Assault and battery shall be deemed an occurrence unless committed by or at the direction of an insured.
* * *
Unlike the Ohio Liability Coverage Enhancement, the Stop-Gap Form does not indicate that it modifies the Commercial General Liability Coverage Form. Rather, it appears as a separate "sub-policy" with its own independent provisions and policy limits.
Appellants contend that they are entitled to coverage under both the Commercial General Liability Coverage Form and the Ohio Stop-Gap Employers' Liability Coverage Form. First, we examine coverage under the Commercial General Liability Coverage Form.
Appellants submit that the Commercial General Liability Coverage Form provides coverage for bodily injury caused by an "occurrence," subject to certain exclusions. The policy defines "occurrence" as "an accident, including continuous or repeated exposure to substantially the same general and harmful conditions." However, the policy does not define "accident." Appellants argue that we should apply Physicians Ins. Co. v.Swanson (1991), 58 Ohio St. 3d 189,2 and hold that an injury itself, not merely the act, must be intended to void coverage. Appellants also argue that the exclusion for a bodily injury "expected or intended from the standpoint of the insured" does not void coverage. Appellants submit that this provision is ambiguous as a matter of law and, therefore, the clause must be construed against the insurer and in favor of Penn Traffic. Therefore, they argue that this exclusion should be construed as inapplicable to substantial certainty intentional torts.
CIC argues that for coverage to be triggered under the Commercial General Liability Coverage Form, there must be an "occurrence," which is defined as an accident.

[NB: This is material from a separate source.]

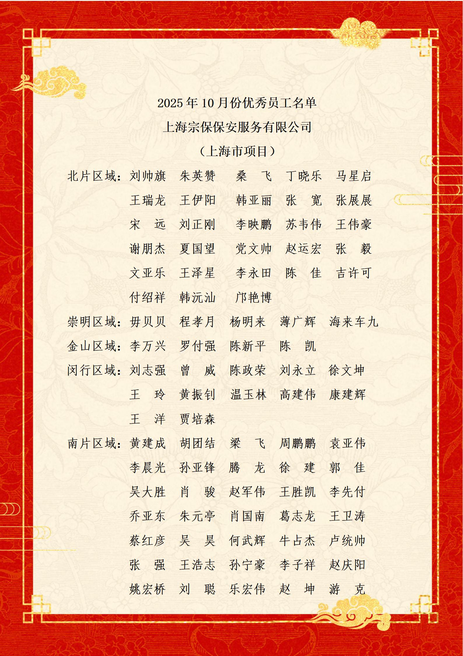 10月份,公司广大员工根据甲方的任务要求,按照公司的部署安排,认真践行公司“规范经营 诚信为本 服务至上”的发展理念,助力完成了多项大型活动安保任务,全力配合甲方做好了城市管理辅助、治安巡逻联防、物业服务保障、生态环境保护、高铁线路巡防等工作。期间,涌现出了一批尽心履责、岗位建功、拾金不昧、热心助人的优秀员工和先进典型。

CIC maintains that a substantial certainty intentional tort does not meet the definition of "occurrence" because it is not an accident, e.g. it is not a fortuitous or chance event. CIC also contends that Swanson is inapplicable here because a separate exclusion for expected or intended injuries exists apart from the definition of "occurrence."
Having carefully reviewed the relevant case law and the policy, we conclude that we need not reach many of these arguments. Even assuming that Mrs. Ramsey's injuries were the result of an "occurrence" as defined in the policy and are not excluded under the "expected or intended from the standpoint of the insured" clause under Swanson, there is no coverage under the policy.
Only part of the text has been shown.